Each entry should be printed exactly, with its images omitted.

(Stored items from a collection)
┏━━
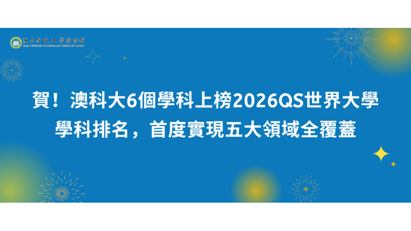 賀!澳科大6個學科上榜2026QS世界大學學科排名,首度實現五大領域全覆蓋2026年3月25日,國際高等教育研究機構QS Quacquarelli Symonds公佈了「2026 QS世界大學學科排名」(QS World University Rankings by Subject 2026)。澳門科技大學表現卓越,新增4個學科、共有6個學科成功上榜,涵蓋社會科學與管理、藝術與人文、工程與技術、自然科學以及生命科學與醫學五個領域,歷史性地首次實現QS五大學科領域的全覆蓋。其中,傳統優勢學科酒店管理實現突破,首次躋身全球51-100名,多個新興學科亦展現出強勁的發展勢頭,標誌著大學在學科建設與國際影響力上邁出了跨越性的一步。澳科大在「QS2026世界大學學科排名」中的上榜學科 澳科大在QS2026世界大學學科排名中取得的佳績,得益於大學長期以來對學術研究和科研創新的高度重視。QS的評估指標顯示,澳科大在篇均論文引用及H-Index等關鍵科研指標上表現尤為顯著。在社會科學與管理領域,酒店管理學科(51-100)憑藉卓越的學術聲譽及穩健的科研表現,成功躋身全球百強,澳科大酒店與旅遊管理學院、博雅學院、商學院對此次提升各有不同的貢獻度。在藝術與人文領域,語言學科(301-350)在學術聲譽和僱主聲譽方面獲得高度認可,樹立了新的里程碑。在工程與技術領域,計算機科學與信息系統(401-450)以及電子電氣工程學科(401-450)的科研指標得分亮眼。在自然科學與生命科學領域,物理學與天文學(551-600)、生物科學(651-700)的成功上榜,彰顯了大學在穩固學科基礎方面的關鍵支撐作用。此外,澳科大在學科建設上呈現出重點院所帶動、交叉融合提質的發展格局,各院所優勢互補,共同推動了大學整體學術水平的提升。 此次QS學科排名取得的歷史性突破,是全校師生不懈努力與追求卓越的成果,印證了澳科大在多個學科領域的國際競爭力,以及推動學科發展、提升國際聲譽的成效。未來,大學將繼續秉持教研並重的理念,進一步優化學科佈局,致力於培養具備國際視野的高素質人才,為粵港澳大灣區及國家的科技創新與社會發展作出更大貢獻。 QS世界大學學科排名是全球最具權威性和影響力的大學學科排行榜之一。2026年的排名涵蓋了五大廣泛學科領域的55個細分學科,主要基於學術聲譽、僱主聲譽、篇均論文引用、H-Index及國際研究網絡五項核心指標進行綜合評估。·新聞2026.04.02 -
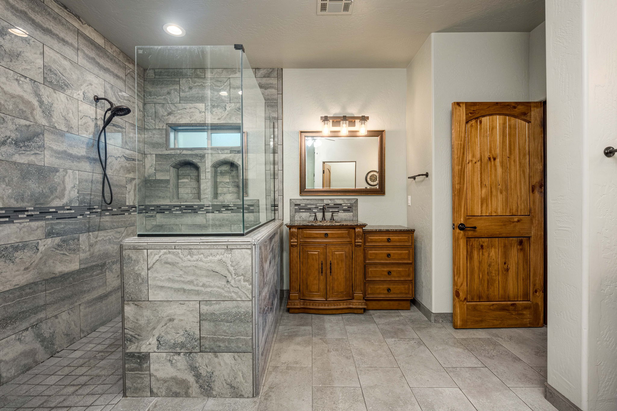 The thoughtfully designed open floor plan showcases a tongue-and-groove foyer, custom architectural arches, a kiva-style fireplace, and solid wood doors throughout. The gourmet kitchen is the heart of the home, featuring an oversized granite island, wine refrigerator, custom skylight, and high-end finishes ideal for both everyday living and entertaining.
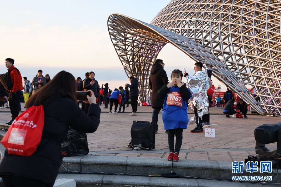 1月1日7:04,近3000名參賽選手和市民抵達南匯嘴觀海公園最佳觀景位置,共同在司南魚下向2020年第一輪太陽問好。新華網史依靈 攝
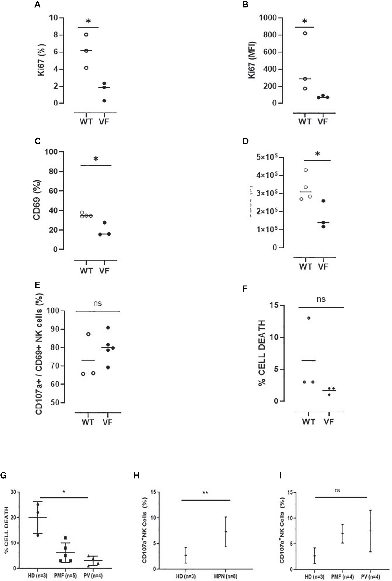 Murine and human NK cells from MPN present defective activation and cytotoxicity as compared to control NK cells. (A) The frequency and (B) mean fluorescence intensity (MFI) of Ki-67 in Jak2WT (n = 4) and Jak2VF (n = 3) NK cells after 72 h of culture in the presence of IL-2. (C) The proportion and (D) number of activated Jak2WT and Jak2VF NK cells (CD69+). (E) The frequency of CD69+ NK cells expressing the degranulation marker CD107a after 3 h of stimulation with YAC-1. (F) The frequency of cell death after YAC-1 stimulation. (G) The frequency of cell death and (H–I) NK degranulation in myeloproliferative neoplasms with JAK2V617F mutation (VF) or not (WT), measured by CD107a expression after stimulation with the K562 target cell. VF, Jak2V617F mutated; WT, Jak2 wild-type; CTRL, control (n = 3); MPN, myeloproliferative neoplasms (n = 9); PV, polycythemia vera (n = 4); PMF, primary myelofibrosis (n = 5). Error bars indicate the mean (± SEM). NS, not significant (p > 0.05); *p < 0.05; **p < 0.01; Mann–Whitney and Kruskal–Wallis tests.
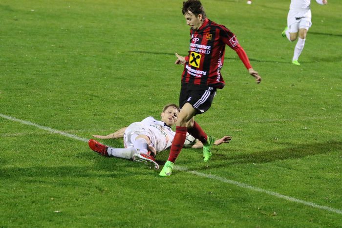 ...Verteidiger Benjamin Eder-Halbedl (links) haut drauf...
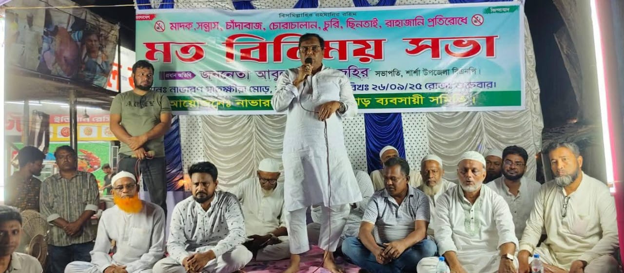 নিজস্ব প্রতিবেদক: যশোরের শার্শা উপজেলার নাভারণ সাতক্ষীরা মোড় ব্যবসায়ী সমিতির আয়োজনে শুক্রবার (২৬ সেপ্টেম্বর ২০২৫) সন্ধ্যায় এক গুরুত্বপূর্ণ মতবিনিময় সভা
┗━━
■ Response for this exercise ■
 賀!澳科大6個學科上榜2026QS世界大學學科排名,首度實現五大領域全覆蓋2026年3月25日,國際高等教育研究機構QS Quacquarelli Symonds公佈了「2026 QS世界大學學科排名」(QS World University Rankings by Subject 2026)。澳門科技大學表現卓越,新增4個學科、共有6個學科成功上榜,涵蓋社會科學與管理、藝術與人文、工程與技術、自然科學以及生命科學與醫學五個領域,歷史性地首次實現QS五大學科領域的全覆蓋。其中,傳統優勢學科酒店管理實現突破,首次躋身全球51-100名,多個新興學科亦展現出強勁的發展勢頭,標誌著大學在學科建設與國際影響力上邁出了跨越性的一步。澳科大在「QS2026世界大學學科排名」中的上榜學科 澳科大在QS2026世界大學學科排名中取得的佳績,得益於大學長期以來對學術研究和科研創新的高度重視。QS的評估指標顯示,澳科大在篇均論文引用及H-Index等關鍵科研指標上表現尤為顯著。在社會科學與管理領域,酒店管理學科(51-100)憑藉卓越的學術聲譽及穩健的科研表現,成功躋身全球百強,澳科大酒店與旅遊管理學院、博雅學院、商學院對此次提升各有不同的貢獻度。在藝術與人文領域,語言學科(301-350)在學術聲譽和僱主聲譽方面獲得高度認可,樹立了新的里程碑。在工程與技術領域,計算機科學與信息系統(401-450)以及電子電氣工程學科(401-450)的科研指標得分亮眼。在自然科學與生命科學領域,物理學與天文學(551-600)、生物科學(651-700)的成功上榜,彰顯了大學在穩固學科基礎方面的關鍵支撐作用。此外,澳科大在學科建設上呈現出重點院所帶動、交叉融合提質的發展格局,各院所優勢互補,共同推動了大學整體學術水平的提升。 此次QS學科排名取得的歷史性突破,是全校師生不懈努力與追求卓越的成果,印證了澳科大在多個學科領域的國際競爭力,以及推動學科發展、提升國際聲譽的成效。未來,大學將繼續秉持教研並重的理念,進一步優化學科佈局,致力於培養具備國際視野的高素質人才,為粵港澳大灣區及國家的科技創新與社會發展作出更大貢獻。 QS世界大學學科排名是全球最具權威性和影響力的大學學科排行榜之一。2026年的排名涵蓋了五大廣泛學科領域的55個細分學科,主要基於學術聲譽、僱主聲譽、篇均論文引用、H-Index及國際研究網絡五項核心指標進行綜合評估。·新聞2026.04.02 -
 The thoughtfully designed open floor plan showcases a tongue-and-groove foyer, custom architectural arches, a kiva-style fireplace, and solid wood doors throughout. The gourmet kitchen is the heart of the home, featuring an oversized granite island, wine refrigerator, custom skylight, and high-end finishes ideal for both everyday living and entertaining.
 1月1日7:04,近3000名參賽選手和市民抵達南匯嘴觀海公園最佳觀景位置,共同在司南魚下向2020年第一輪太陽問好。新華網史依靈 攝
 Murine and human NK cells from MPN present defective activation and cytotoxicity as compared to control NK cells. (A) The frequency and (B) mean fluorescence intensity (MFI) of Ki-67 in Jak2WT (n = 4) and Jak2VF (n = 3) NK cells after 72 h of culture in the presence of IL-2. (C) The proportion and (D) number of activated Jak2WT and Jak2VF NK cells (CD69+). (E) The frequency of CD69+ NK cells expressing the degranulation marker CD107a after 3 h of stimulation with YAC-1. (F) The frequency of cell death after YAC-1 stimulation. (G) The frequency of cell death and (H–I) NK degranulation in myeloproliferative neoplasms with JAK2V617F mutation (VF) or not (WT), measured by CD107a expression after stimulation with the K562 target cell. VF, Jak2V617F mutated; WT, Jak2 wild-type; CTRL, control (n = 3); MPN, myeloproliferative neoplasms (n = 9); PV, polycythemia vera (n = 4); PMF, primary myelofibrosis (n = 5). Error bars indicate the mean (± SEM). NS, not significant (p > 0.05); *p < 0.05; **p < 0.01; Mann–Whitney and Kruskal–Wallis tests.
 ...Verteidiger Benjamin Eder-Halbedl (links) haut drauf...
 নিজস্ব প্রতিবেদক: যশোরের শার্শা উপজেলার নাভারণ সাতক্ষীরা মোড় ব্যবসায়ী সমিতির আয়োজনে শুক্রবার (২৬ সেপ্টেম্বর ২০২৫) সন্ধ্যায় এক গুরুত্বপূর্ণ মতবিনিময় সভা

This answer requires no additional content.